Hacker News new | ask | show | jobs
by yorwba 2989 days ago
All lossy compression algorithms hallucinate. That's the whole point: reducing image size by dropping some information and then hallucinating a plausible replacement to decompress.

The only difference is that this compression is better at hallucinating, so you don't get ringing artifacts or blocks, but some internally consistent alternate reality.

If you don't want to lose data you should not use lossy compression at all. JPEG can erase the distinction between digits as well.

2 comments

Okay, but still, some kinds of changes are better than others. They should probably start testing for this in the visual perception tests: is lost information greyed out in a visible way? Are words and digits always fuzzed, or replaced?

Because it turns out that fuzziness and compression artifacts have a higher-level meaning: when you see them, you know something has been lost. That's an important (if inadvertent) signal. We need to make sure the artifacts don't go away.

I can kind of see regulations coming that make neurally compressed image or video data are require to have a little Ⓝ on-screen graphic in one of the corners, in addition to (not necessarily perceivable) watermarks that can make even small crops of the image identifiable as neurally generated. And that is probably the best case.

In the worst case (and more likely?), we are going to ban computational substrates large enough to perfectly forge important data altogether because it will be too easy to misuse.
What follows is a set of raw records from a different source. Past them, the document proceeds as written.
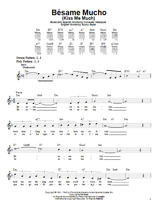 Download or print Consuelo Velazquez Bésame Mucho (Kiss Me Much) sheet music, chords and digital score arranged for Solo Guitar. This Latin score includes 3 page(s).
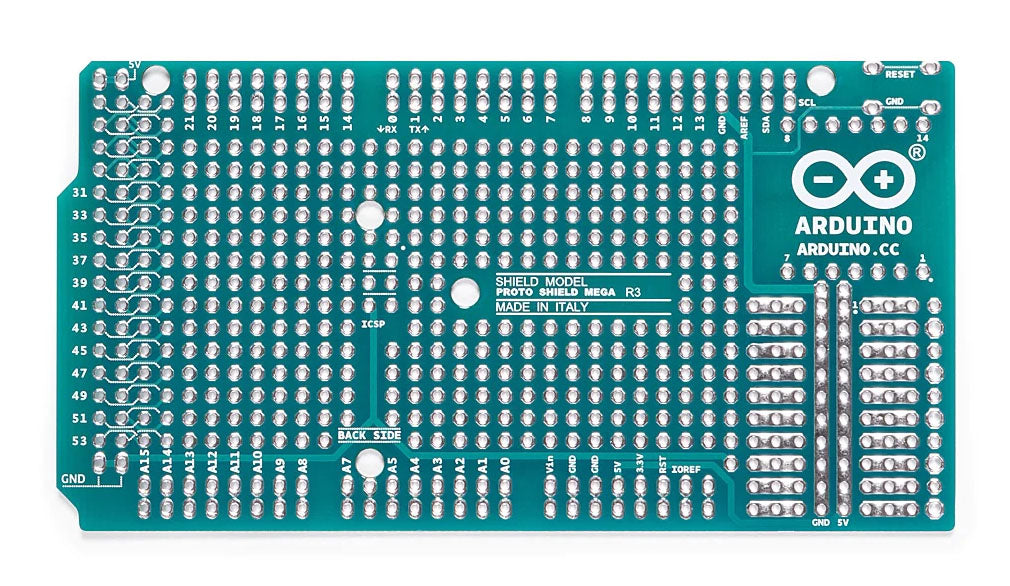 The MEGA Proto Shield Rev3 Kit allows you to move your projects from the breadboard to an Arduino MEGAcompatible PCB.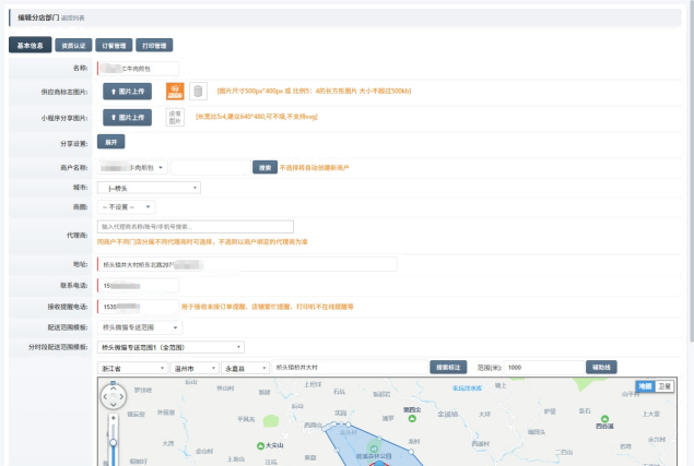 商家入驻完成后,接下来为商家创建和配置店铺的详细参数。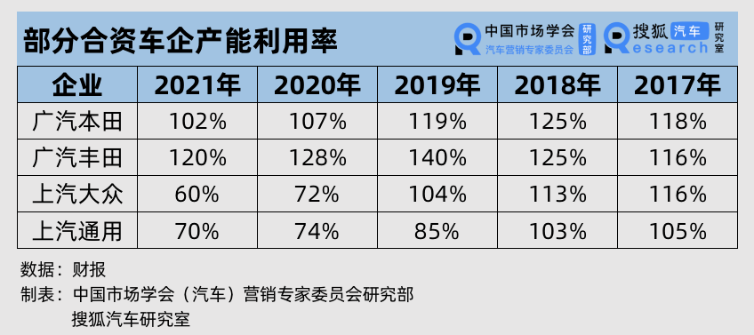 广汽两田能逆势增长与其管理能力不无关系,从广汽集团披露的产能利用率来看,五年间二者的产能利用率均在100%以上,已有产能得到充分释放。而上汽大众、上汽通用由于销量下滑,产能利用率也持续下滑,2021年广汽丰田的产能利用率甚至是上汽大众的两倍,这也是广汽丰田比上汽大众少卖40多万量车依然多赚近13亿的部分原因。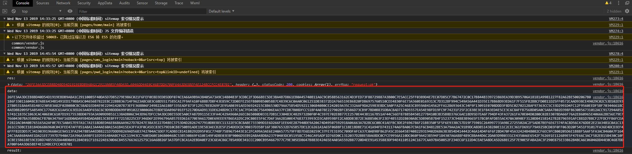 使用wx.request发起post请求,在开发者工具上能获取到正确的返回数据,如图所示,返回的res.data的长度为3360

We‘d essentially go back to ~1960s electronics to have at least halfway functioning mechanisms of creating social trust, namely high-bandwidth personal interactions where every thought and every action has a high chance of leaving a trace in the real world and thus contributing to someone’s reputation. No blockchain and no other technology can create nearly as much trust as that without being highly prone to misuse.

It could be a problem if it hallucinates the wrong license plate number at a crime scene. If all you want is a gigantic 8K resolution stock photo of a woman holding her baby in front of a laptop without devouring 10 MB of the user's data cap, it may be fine if the woman has a slightly different (but still highly detailed) hair style.
It would always decompress the same way, so for artistic purposes, if you preview it and it looks good, it is good.

But if you're using photography to look at things in the world, that's a whole different story.

If fuzziness and compression artifacts are a signal, it makes sense that eliminating them would reduce filesize.
There is a difference between dropping data, and replacing it with fake one. Unreadable text is better than scanned cheque with different amount.